2017/03/26 17:40

新作も旧作も、いい映画を届けたい! - 第12回大阪アジアン映画祭 - 第12回大阪アジアン映画祭

中井貴一の父である佐田啓二と岸恵子(映画『亡命記』より) (C)1995松竹
中井貴一の父である佐田啓二と岸恵子(映画『亡命記』より) (C)1995松竹

 このほど開催された第12回大阪アジアン映画祭で「アジアの失職、求職、労働現場」と題した特集企画が設けられた。戦後の混乱期を必死で生きる人たちをとらえた野村芳太郎監督の『亡命記』(1955)をはじめとする作品からは、労働環境を巡るグローバルな問題が見えてくる。一方で本企画には、埋もれてしまう良作を救いたいという映画祭側の願いが込められていた。

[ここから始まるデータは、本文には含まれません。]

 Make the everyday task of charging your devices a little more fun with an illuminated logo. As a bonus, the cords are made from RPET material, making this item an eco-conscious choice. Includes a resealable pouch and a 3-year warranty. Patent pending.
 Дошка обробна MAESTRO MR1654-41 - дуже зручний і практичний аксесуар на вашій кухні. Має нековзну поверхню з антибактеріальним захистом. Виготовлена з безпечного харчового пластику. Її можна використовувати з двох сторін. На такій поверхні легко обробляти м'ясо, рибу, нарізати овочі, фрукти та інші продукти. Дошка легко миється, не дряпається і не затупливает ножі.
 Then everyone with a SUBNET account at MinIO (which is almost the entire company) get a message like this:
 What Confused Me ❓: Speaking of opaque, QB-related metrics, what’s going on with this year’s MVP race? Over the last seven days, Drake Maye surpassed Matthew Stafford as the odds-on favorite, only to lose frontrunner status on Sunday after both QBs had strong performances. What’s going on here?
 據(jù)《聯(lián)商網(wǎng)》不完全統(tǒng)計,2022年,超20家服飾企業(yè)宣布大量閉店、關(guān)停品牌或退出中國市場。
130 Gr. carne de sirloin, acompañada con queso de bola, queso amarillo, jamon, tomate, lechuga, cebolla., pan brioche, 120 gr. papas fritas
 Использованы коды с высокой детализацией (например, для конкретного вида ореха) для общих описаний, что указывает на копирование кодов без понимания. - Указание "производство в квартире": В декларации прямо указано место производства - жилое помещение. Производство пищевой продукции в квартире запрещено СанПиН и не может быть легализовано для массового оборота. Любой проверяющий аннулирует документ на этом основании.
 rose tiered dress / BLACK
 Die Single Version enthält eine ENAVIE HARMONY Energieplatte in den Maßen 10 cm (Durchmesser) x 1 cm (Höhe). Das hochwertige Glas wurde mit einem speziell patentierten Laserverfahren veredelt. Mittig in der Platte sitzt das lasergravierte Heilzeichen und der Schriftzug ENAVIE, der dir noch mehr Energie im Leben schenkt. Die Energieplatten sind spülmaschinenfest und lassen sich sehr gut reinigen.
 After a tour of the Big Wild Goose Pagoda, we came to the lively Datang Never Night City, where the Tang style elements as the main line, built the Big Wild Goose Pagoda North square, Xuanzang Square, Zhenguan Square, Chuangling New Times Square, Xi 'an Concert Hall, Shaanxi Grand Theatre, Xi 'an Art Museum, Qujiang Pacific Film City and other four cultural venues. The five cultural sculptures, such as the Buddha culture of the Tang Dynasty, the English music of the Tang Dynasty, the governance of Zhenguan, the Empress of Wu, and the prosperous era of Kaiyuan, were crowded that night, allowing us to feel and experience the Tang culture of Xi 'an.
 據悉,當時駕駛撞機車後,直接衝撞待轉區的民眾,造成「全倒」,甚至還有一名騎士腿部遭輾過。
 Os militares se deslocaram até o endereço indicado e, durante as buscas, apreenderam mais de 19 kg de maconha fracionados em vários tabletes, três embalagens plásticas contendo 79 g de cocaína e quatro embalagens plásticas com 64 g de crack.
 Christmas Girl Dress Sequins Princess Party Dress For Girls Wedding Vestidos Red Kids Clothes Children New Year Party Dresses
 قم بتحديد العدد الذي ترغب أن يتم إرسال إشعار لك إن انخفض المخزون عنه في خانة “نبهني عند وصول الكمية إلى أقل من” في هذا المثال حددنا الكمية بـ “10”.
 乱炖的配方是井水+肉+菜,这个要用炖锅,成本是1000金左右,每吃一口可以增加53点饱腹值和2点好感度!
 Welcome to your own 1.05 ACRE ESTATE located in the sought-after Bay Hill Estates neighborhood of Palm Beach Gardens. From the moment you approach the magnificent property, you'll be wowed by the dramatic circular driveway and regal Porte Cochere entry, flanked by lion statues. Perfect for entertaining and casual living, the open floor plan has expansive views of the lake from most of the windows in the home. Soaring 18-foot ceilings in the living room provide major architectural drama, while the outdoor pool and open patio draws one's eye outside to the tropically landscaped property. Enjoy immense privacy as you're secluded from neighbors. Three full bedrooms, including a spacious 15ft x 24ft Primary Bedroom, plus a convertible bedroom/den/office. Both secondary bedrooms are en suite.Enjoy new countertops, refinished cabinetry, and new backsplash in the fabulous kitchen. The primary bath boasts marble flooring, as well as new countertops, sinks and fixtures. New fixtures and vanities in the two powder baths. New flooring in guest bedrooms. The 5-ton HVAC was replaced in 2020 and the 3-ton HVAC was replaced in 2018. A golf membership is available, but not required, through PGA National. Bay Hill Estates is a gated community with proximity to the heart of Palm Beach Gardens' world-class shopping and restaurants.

 上映作品は、教育熱心な両親の意向に反してギャングの世界に魅せられている少年が主人公の『世界の残酷』(マレーシア)、高学歴者の就職難が取りざたされている韓国社会の生きづらさを描いた短編『夏の夜』(韓国)、同僚社員によるセクハラへの鬱憤から、深夜の卓球に打ち込む女性がヒロインの短編『ピンパン』(田中羊一監督)など。

 この特集についてプログラム・ディレクターの暉峻創三氏は「近年のアジア映画を観ていて、失職者や求職といった労働環境を描いた作品の中に傑作の率が非常に高く、このテーマでいけば秀作が集まるだろうと思いました。また、どこかの映画祭で選ばれるだろうと思っていたのに、上映されぬままになってしまった作品を特集というかたちなら救出できると企画しました」と説明する。